RapidWeaver Elements: The Road Ahead

Hello,

I want to spend a little time talking about where we are and where we’re heading with Elements. What I’m outlining below reflects our current thinking. This is a high-level view of where we are today and the direction we believe Elements is heading.

Before we dive in, it’s important to remember that plans can and do evolve. Nothing here is set in stone or guaranteed.

When we first introduced Elements, people doubted whether certain things would ever be possible. Release by release, we’ve kept proving that wrong. Today we genuinely believe Elements is the most modern and capable website builder available on the Mac.

However, the software landscape is now moving faster than ever. The rise of large language models is already reshaping how software is built and used, and we intend to meet that head-on.
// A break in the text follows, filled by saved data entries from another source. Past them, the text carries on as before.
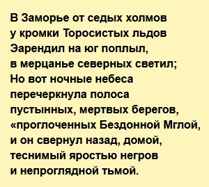 И если, начав с высокого и прекрасного, повествование завершилось мраком и разрушением, то такова издревле судьба Арды Искаженной; а изменится ли что-нибудь и придет ли конец Искажению, знают, быть может, лишь Манвэ и Варда; но они никому не открыли того и не сказали о том в пророчествах Мандоса.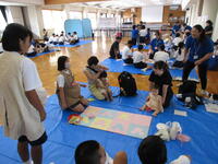 まず、妊婦さんからお話を聞いた後、妊婦体験をしました。また、赤ちゃんの鼓動まで聞かせてもらいました。その後、赤ちゃんを抱っこしたり、遊んだりしました。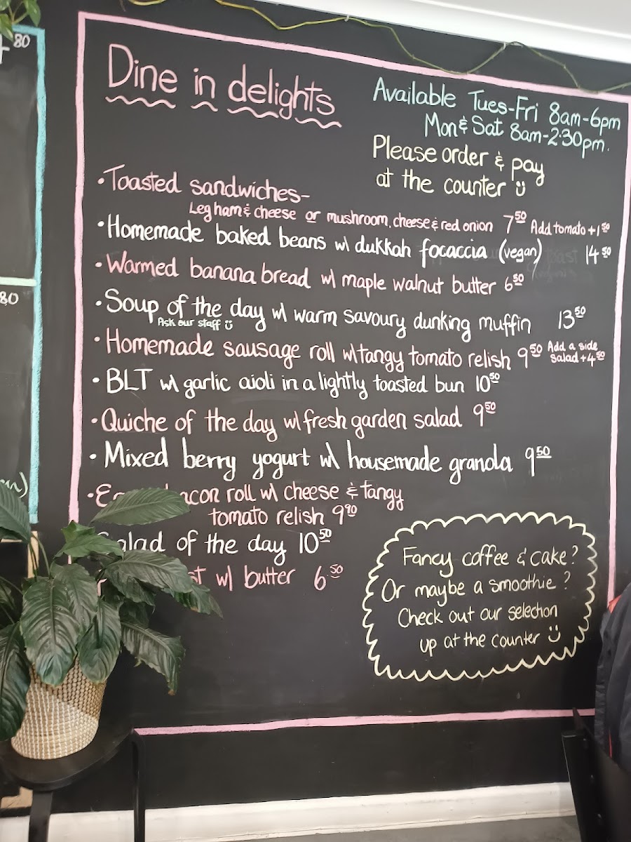 This structured menu supports a variety of dining occasions, from quick coffee and tea breaks to simple meals, either served on-site or taken home for convenience.

More on that below.

Elements App

Our goal from day one has been to make Elements both the best app it can be and a sustainably successful product, one that generates enough revenue to support the team, fund continued development, and build a buffer that allows the business to navigate future challenges.

It’s easy to forget how far we’ve come. Since going public, we’ve shipped nearly 100 builds, introduced almost 50 built-in components, and built an online platform that securely stores and backs up projects alongside any add-ons purchased through the Store. This progress is something the whole team is proud of.

The business side is moving in the right direction too. Revenue is growing month on month, and we’re consistently gaining more subscribers than we lose. We’re not where we want to be yet, but the direction is clear, and we’ve actively been investing in advertising to try and keep the user base growing.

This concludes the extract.